Having looked at two minor markets, what now happens when we switch the analysis to the “typical” focus of trade reporting, vanilla IRS? GBP is one of the “super-major” currencies, therefore we expect to see a broad view of the market:
In reality, what we see is a far more distilled picture of the overall market:
- Last trade size and average trade size fall into insignificance compared to overall volumes through the month. Each individual trade therefore does not have such a price-forming impact
- As we continually highlight, benchmark tenors are few and far between. 2y, 5y and 10y are the key price-forming benchmarks.
- Despite a raft of”1 year” maturity trades, they were all forward starting, therefore price data about the short-end is extremely limited.
- Out of nearly 2000 trades reported, only 750 (38%) can be considered a true “price-forming” transaction – i.e. spot starting and vanilla. (Amir did a similar analysis for USD IRS back in May)
Only 38% are “vanilla” transactions! This is the fact I want to dwell upon. Looked at another way, what percentage of GBP IRS trades are “MAT-able”? Using SDRView Researcher, we see that not even 5% of trades by notional were MAT-able during July 2014:
Using SDRView Pro we can estimate why such a low volume of trades were considered “benchmark”. Of the near-2000 trades:
- 300 were IMM dated
- Nearly 700 were other forward starts
- Over 100 were broken tenors
- And of course US Persons are not that active in GBP – particularly when trading out of an Non-Guaranteed Affiliate
With the trade reporting data in “raw” form we therefore see that in the far less liquid markets, we are able to glean more information about price forming transactions. Ranking our three markets in July 2014 for transparency, we see the following:
- XCCY Basis – 64% (by number) of transactions are valid, vanilla price-forming transactions.
- GBP OIS – 58% (by number) are standardised MPC-dated, 1 month trades.
- GBP IRS – only 38% are pure vanilla.
This therefore creates a dichotomy in markets. The less-liquid, less traded markets are now more transparent and more readily accessible in terms of price discovery and trade activity than their “vanilla” pure-IRS equivalents.
Of course, there are reasons for this.
If you want vanilla exposure, trade a vanilla Rates instrument such as cash bonds or futures.
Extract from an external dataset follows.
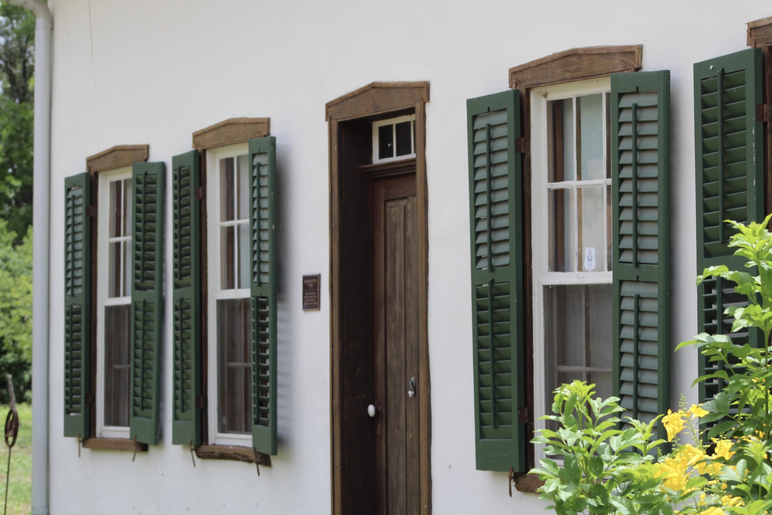 The Arcadius-Steinle house is a symmetrical, five-bay home with a centered front door. The windows are double-hung and framed by shutters. The front door is capped with a transom window. It has a side-gabled, metal, standing seam roof with a chimney on its peak on one side.

Equally, if you want leveraged positions, trade forwards in IRS space to minimise capital requirements – which are notional-based.
What is clear, however, is that understanding and accessing the granularity of the data for IRS is impossible by just looking at a list of trades.
This is one reason why the entrance of new market participants will be a key factor over the coming months.
We showed last week how market structure for USD Rates has not significantly changed since going electronic – and after this analysis, I feel it is unlikely to do so until we truly harness the power of the data.